We had a lot of questions and couldn’t get to them all! I’ll take a shot at answering the remaining ones, below. Note that these are my answers, not Pete’s—though Pete is welcome to chime in with additions and corrections
What are the current research challenges in TinyML.
There are many! Here are a few of the big topics:
- Model compression; how do you get a model that has the same performance but is smaller in size or takes less time to compute? Includes quantization, sparsity, and binarization.
- Runtime architectures. TensorFlow Lite uses an interpreter, but some approaches use code-generation.
- Hardware architectures. Can we design custom silicon that is especially suited to running tiny models with low power?
- Training techniques for tiny models. Reducing model size has only recently become a goal; are there approaches to training that give better results than the approaches used with larger models? Includes distillation, pruning.
I have been using TinyML for a while. Any guidelines on how much memory should be allocated for the tensor-arena in inference engine ?
It’s currently best tackled by trial-and-error; write some unit tests that run your model, start with a big tensor arena size, and just keep making it smaller until your code no longer runs. The size required for a given model remains static between inferences.
Q: If we do research which is best device for benchmarking.
We’ve found it useful to focus on devices with an Arm Cortex-M core, since these represent the typical range of specs for embedded devices. The M4 is probably the sweet spot right now in terms of balance between capability and power use.
is there a danger of over-optimizing for Tiny-ness? For e.g., we spent years developing computationally-efficient ML techniques but GPUs came along and now you can do deep learning on desktops. Could the same thing happen in the next 5 years where we have large compute on tiny form-factors or do we run up against the laws of physics w.r.t to power requirements?
There is some particularly impressive hardware in development that will make it easier to run larger models on-device, or run the same models using less power—for example, Arm’s Ethos-U55, or Eta Compute’s ECM3531. Devices are likely to become more capable, but the same is true of higher power accelerators, so TinyML will continue to exist as a concept.
What is the inferencing rate of the camera on sparkfun edge?
I believe it’s a few seconds per inference using the latest Arm CMSIS-NN optimizations.

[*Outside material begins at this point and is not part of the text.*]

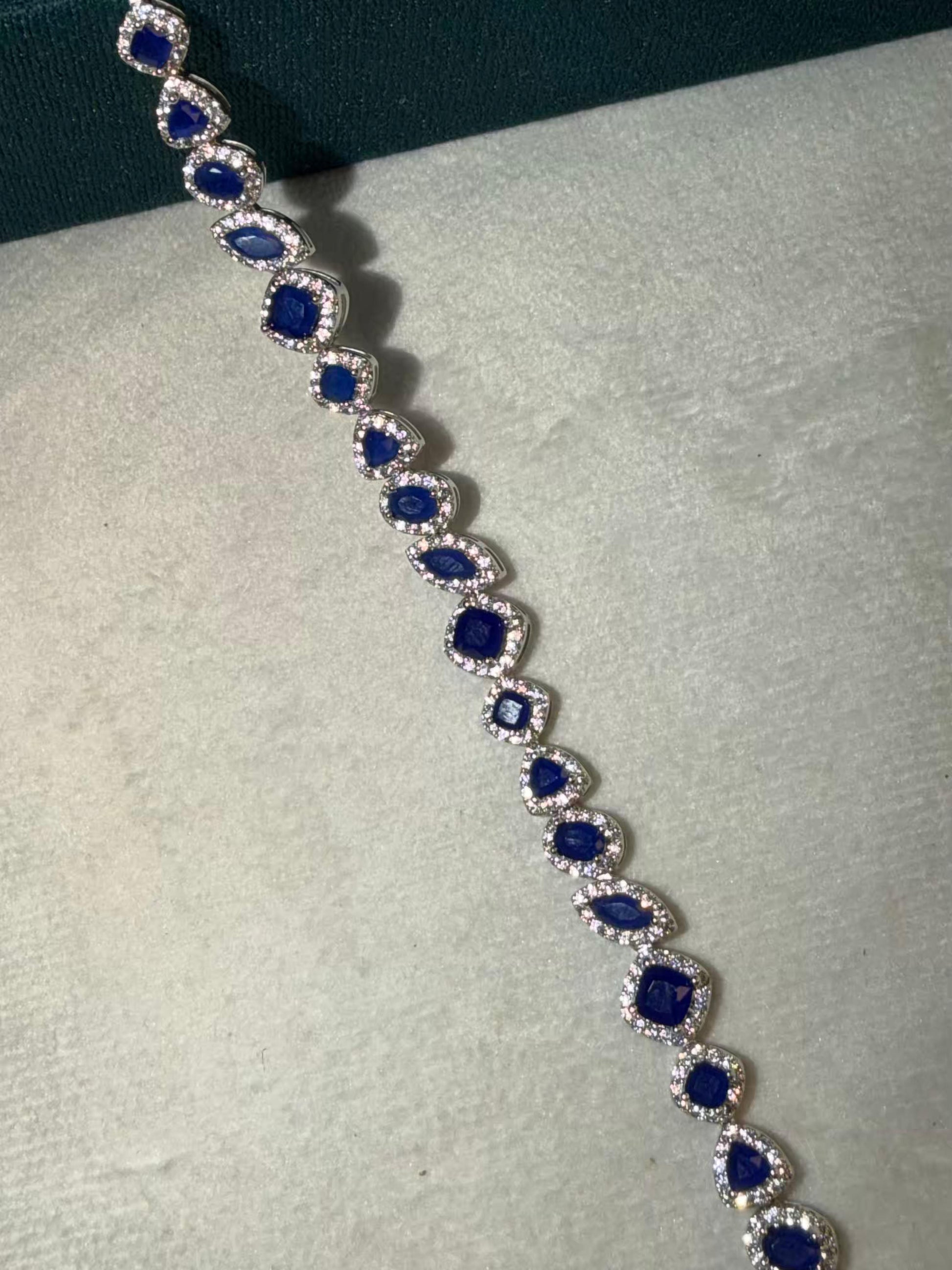 Blue Empress Halo Silver Plated Tennis Bracelet

I haven’t tried this yet myself, though!
Is there an open source driver for the camera for the sparkfun edge?
Yes, the camera module is the HM01B0 and you can find the driver here:
Is the K210 / Sipeed boards supported?
I haven’t used the K210, but I think it comes with a compiler that is able to generate C code from TensorFlow Lite models. This is a different approach than used by TensorFlow Lite for Microcontrollers, which is a runtime that can interpret and execute the models directly. So you can use some of the TensorFlow Lite tooling, but not all of it.
Any HW support/suggestions for training on the edge?
There’s not much out there around training on the edge! It’s generally difficult due to the compute constraints and lack of labelled data, but I believe TensorFlow Lite will support training on mobile devices soon. It’s unlikely this will come to TensorFlow Lite for Microcontrollers.
Is there a benchmark program you recommend to measure whether a device can run TinyML efficiently?
You could start by modifying the TensorFlow Lite for Microcontrollers test suites, which run several different models:
Hi. Looking to create Edge ML for nature classifier with a camera and audio to use on an IoT network on the Edge for a park. Finding that balance with power such as using Coral which we do now that needs a power line and battery power that lasts a few days at least what would you recommend.
This depends a lot on what you need to do with the camera. If you’re looking for real-time inference, you’ll need something bigger than TinyML (at least for the time being). If you can get away with an inference every few seconds, something with the power of an Arm Cortex-M4 should work.